Did you know that gnocchi doesn’t need to be boiled? I did not, until recently. The texture is different—a little more chewy and the outside gets nice a crispy—but equally delicious. The vegetables provide so much flavor, and the burst tomatoes coat the gnocchi creating a light sauce.
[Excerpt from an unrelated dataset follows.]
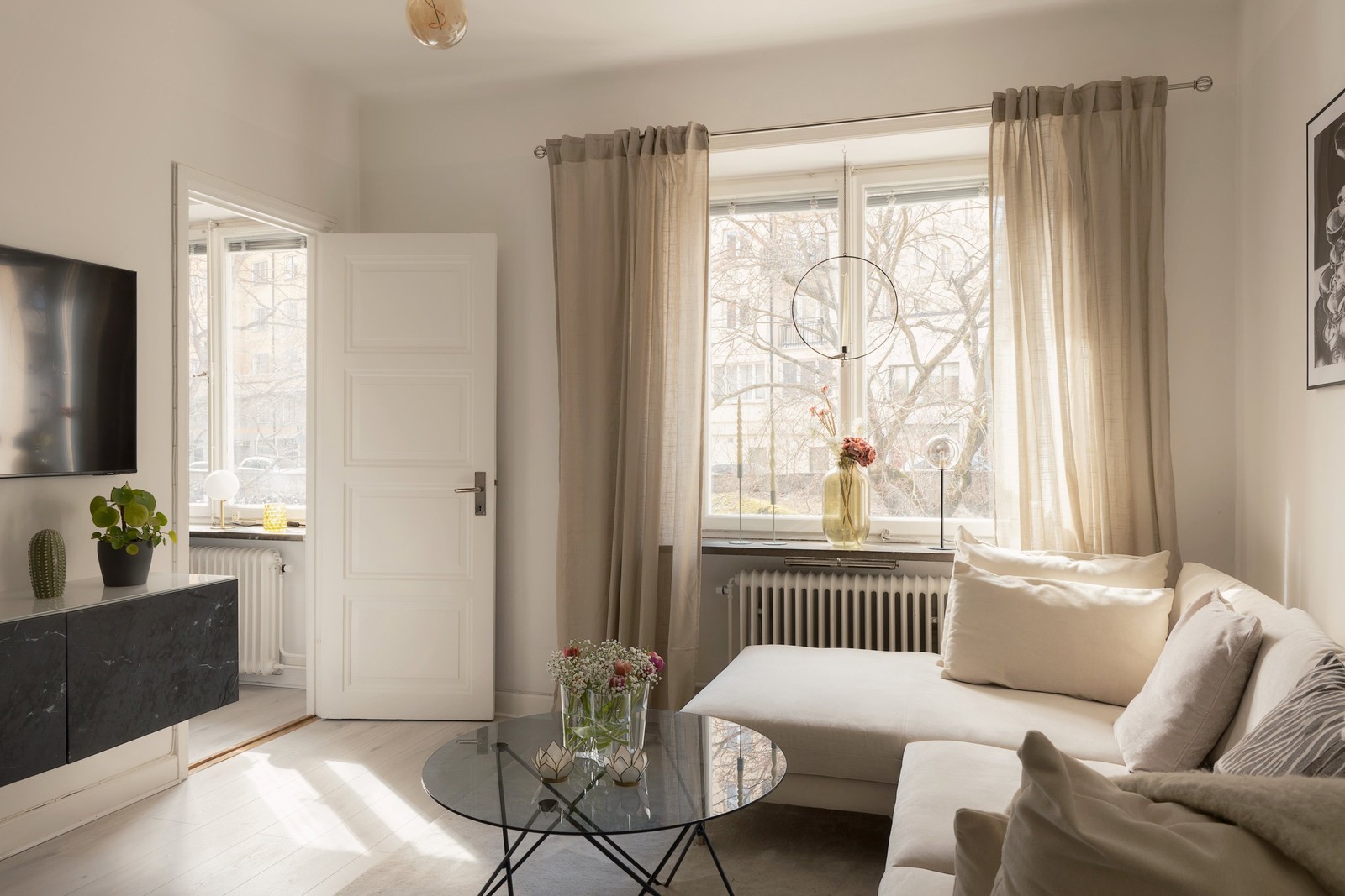 Välkommen till denna välplanerade minitvåa på attraktiva Industrigatan, lägenheten ligger i suterräng så man kommer högre upp från gatan. I hallen finns goda avhängningsmöjligheter samt en djup och rymlig klädkammare. Väl inne i lägenheten så är det en öppen planlösning mellan kök och vardagsrum, fint ljusinsläpp, plats för matgrupp och tv-möblemang. Köket är fräscht och utrustat med ugn, induktionshäll, kyl/frys, diskmaskin, diskhon samt gott om förvaring. I anslutning till vardagsrummet finns sovrummet med garderob och plats för 160säng. Helkaklat och rymligt badrum med tvättmaskin, kommod, dusch med glasdörrar, WC och handdukstork.

A shaving of parmesan over the top just brings the whole thing home.


  • 1 pint tomatoes, halved lengthwise
  • 1 small zucchini, cut into half-rounds
  • 1 corn cob, corn sliced off
  • 1 purple onion, sliced into quarter rounds
  • 1 lb shelf-stable gnocchi
  • 2 tbsp extra virgin olive oil
  • Salt
  • Garlic powder
  • Oregano
  • Fresh basil, cut into ribbons
  • Parmesan cheese
  • Black pepper


  1. Line a baking sheet with parchment paper and preheat the oven to 450°F (230°C).
  2. Cut the vegetables to size and spread across the baking sheet. Add the gnocchi. Season with oil and a light sprinklings of the spices. Gently toss to coat.
  3. Roast uncovered for 20 minutes.
  4. Divide into bowls and grate parmesan over the top. Garnish with ribbons of fresh basil and a couple of grinds of black pepper.